*** Exercise materials ***

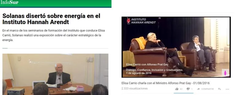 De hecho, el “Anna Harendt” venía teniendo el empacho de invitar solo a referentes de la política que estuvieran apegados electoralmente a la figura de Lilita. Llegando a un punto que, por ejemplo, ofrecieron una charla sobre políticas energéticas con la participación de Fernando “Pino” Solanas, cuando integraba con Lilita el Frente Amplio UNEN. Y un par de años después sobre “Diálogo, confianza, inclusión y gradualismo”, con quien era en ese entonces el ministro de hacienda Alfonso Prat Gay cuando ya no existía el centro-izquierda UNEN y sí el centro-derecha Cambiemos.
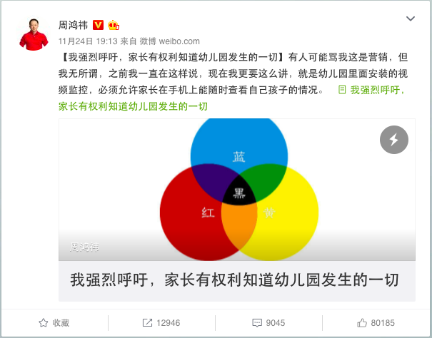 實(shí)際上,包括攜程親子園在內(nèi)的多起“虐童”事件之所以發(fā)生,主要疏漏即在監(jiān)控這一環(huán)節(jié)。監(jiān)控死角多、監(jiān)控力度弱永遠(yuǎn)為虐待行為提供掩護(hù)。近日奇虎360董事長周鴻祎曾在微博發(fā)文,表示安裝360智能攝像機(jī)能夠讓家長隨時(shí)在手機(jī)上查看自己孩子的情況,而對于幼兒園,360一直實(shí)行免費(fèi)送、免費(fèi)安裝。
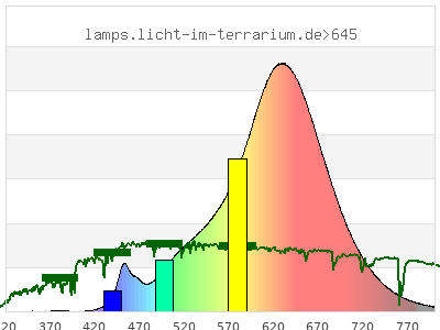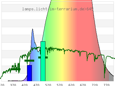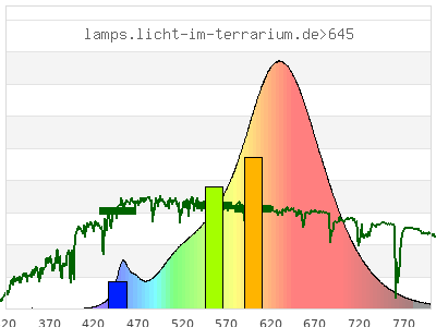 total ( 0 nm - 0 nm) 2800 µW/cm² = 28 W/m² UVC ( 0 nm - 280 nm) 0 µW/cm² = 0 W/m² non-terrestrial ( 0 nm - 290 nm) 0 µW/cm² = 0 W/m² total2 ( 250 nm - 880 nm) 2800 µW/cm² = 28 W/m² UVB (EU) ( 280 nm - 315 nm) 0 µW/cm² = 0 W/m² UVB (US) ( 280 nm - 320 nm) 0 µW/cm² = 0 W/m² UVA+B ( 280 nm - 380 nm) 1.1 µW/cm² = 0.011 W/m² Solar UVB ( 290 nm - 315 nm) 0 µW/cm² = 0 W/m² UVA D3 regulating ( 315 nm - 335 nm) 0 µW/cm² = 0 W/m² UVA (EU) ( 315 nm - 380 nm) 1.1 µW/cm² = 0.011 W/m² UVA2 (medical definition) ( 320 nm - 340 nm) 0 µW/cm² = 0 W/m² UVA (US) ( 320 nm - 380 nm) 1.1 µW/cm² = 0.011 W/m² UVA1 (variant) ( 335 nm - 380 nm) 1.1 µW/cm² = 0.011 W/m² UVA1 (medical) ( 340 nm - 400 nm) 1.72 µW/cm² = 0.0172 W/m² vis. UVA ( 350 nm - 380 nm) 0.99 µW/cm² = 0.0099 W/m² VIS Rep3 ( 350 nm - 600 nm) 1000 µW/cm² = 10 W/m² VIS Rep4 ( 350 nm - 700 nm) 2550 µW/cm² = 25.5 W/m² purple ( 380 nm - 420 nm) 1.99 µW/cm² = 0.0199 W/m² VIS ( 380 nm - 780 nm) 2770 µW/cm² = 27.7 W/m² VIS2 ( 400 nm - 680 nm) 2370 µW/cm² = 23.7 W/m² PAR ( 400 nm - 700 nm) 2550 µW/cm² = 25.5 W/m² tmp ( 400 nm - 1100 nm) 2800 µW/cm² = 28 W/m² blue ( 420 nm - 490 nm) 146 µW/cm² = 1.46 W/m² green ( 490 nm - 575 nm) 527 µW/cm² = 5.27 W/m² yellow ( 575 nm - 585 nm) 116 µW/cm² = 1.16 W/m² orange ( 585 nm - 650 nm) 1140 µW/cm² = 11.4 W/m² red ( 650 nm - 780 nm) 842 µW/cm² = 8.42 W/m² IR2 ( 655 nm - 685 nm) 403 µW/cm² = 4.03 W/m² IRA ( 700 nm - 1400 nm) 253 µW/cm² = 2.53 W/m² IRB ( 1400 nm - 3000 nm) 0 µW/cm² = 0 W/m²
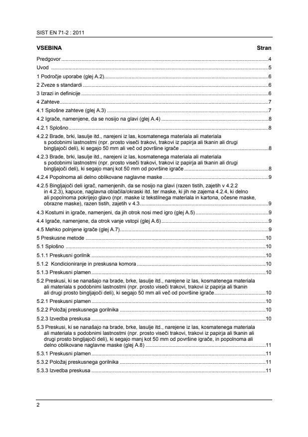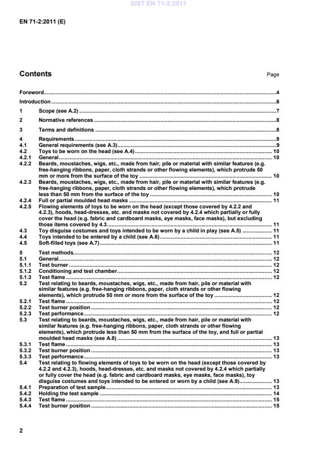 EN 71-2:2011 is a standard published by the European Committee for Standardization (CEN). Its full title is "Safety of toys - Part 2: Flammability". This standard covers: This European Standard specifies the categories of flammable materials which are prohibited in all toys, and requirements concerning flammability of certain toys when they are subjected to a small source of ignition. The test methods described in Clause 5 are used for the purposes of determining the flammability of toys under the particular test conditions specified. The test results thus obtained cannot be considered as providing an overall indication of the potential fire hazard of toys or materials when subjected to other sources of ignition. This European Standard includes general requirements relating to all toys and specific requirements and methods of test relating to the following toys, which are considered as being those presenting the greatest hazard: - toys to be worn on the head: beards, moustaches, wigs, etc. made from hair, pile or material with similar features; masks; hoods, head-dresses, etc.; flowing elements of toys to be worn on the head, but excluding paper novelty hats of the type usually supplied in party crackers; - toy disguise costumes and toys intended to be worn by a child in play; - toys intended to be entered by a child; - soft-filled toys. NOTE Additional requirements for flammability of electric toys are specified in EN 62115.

*** End of Exercise materials ***
*** Exercise materials ***

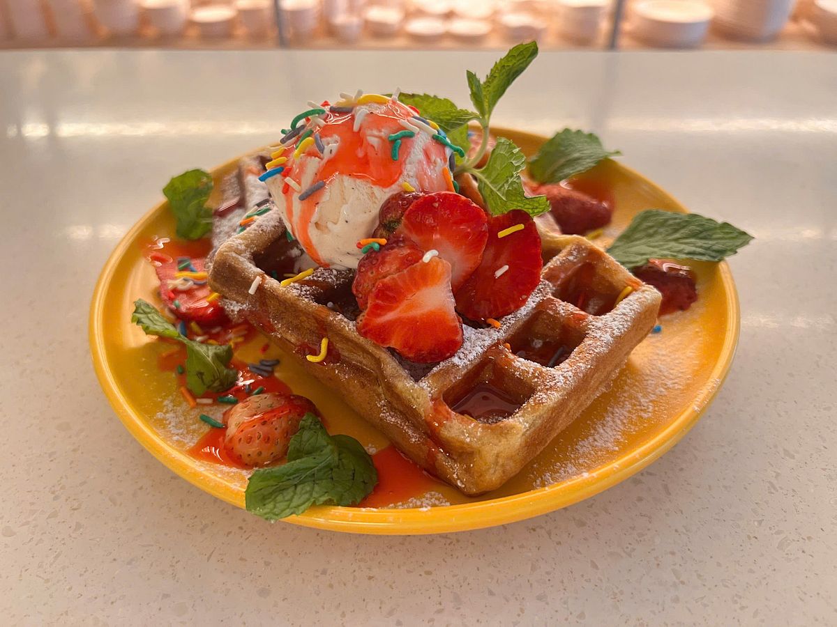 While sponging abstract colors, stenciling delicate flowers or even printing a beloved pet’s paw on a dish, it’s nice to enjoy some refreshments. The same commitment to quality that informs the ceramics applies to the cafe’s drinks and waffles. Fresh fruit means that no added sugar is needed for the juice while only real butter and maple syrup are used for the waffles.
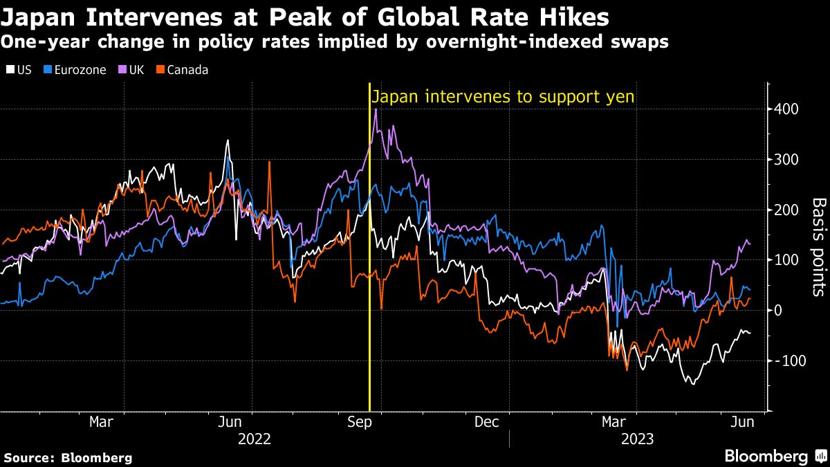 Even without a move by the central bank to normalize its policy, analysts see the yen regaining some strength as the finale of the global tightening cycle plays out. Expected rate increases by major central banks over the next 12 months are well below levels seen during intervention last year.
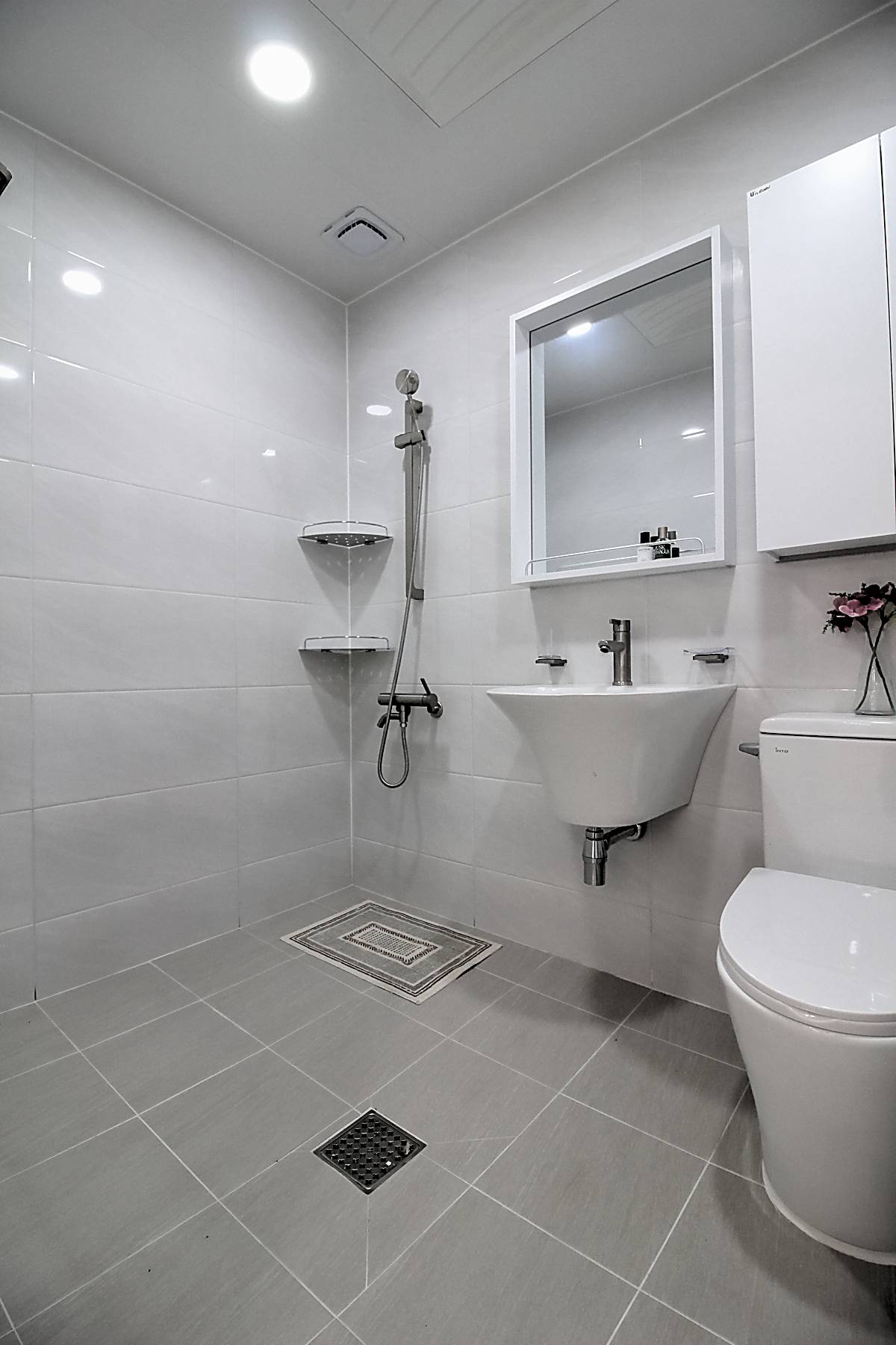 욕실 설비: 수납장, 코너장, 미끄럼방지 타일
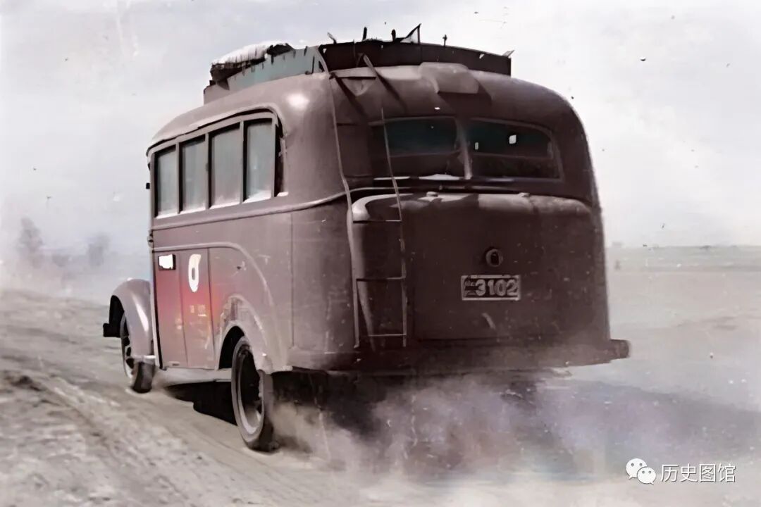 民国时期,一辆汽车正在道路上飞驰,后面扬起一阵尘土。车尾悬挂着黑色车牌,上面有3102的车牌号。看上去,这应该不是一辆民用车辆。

*** End of Exercise materials ***

Prompt: Repeat exactly, and only, the entries from the line with "욕실 설비: 수납장, 코너장, 미끄럼방지 타일" through the line with "民国时期,一辆汽车正在道路上". Pictures are skipped.

Exercise result:
 욕실 설비: 수납장, 코너장, 미끄럼방지 타일
 民国时期,一辆汽车正在道路上飞驰,后面扬起一阵尘土。车尾悬挂着黑色车牌,上面有3102的车牌号。看上去,这应该不是一辆民用车辆。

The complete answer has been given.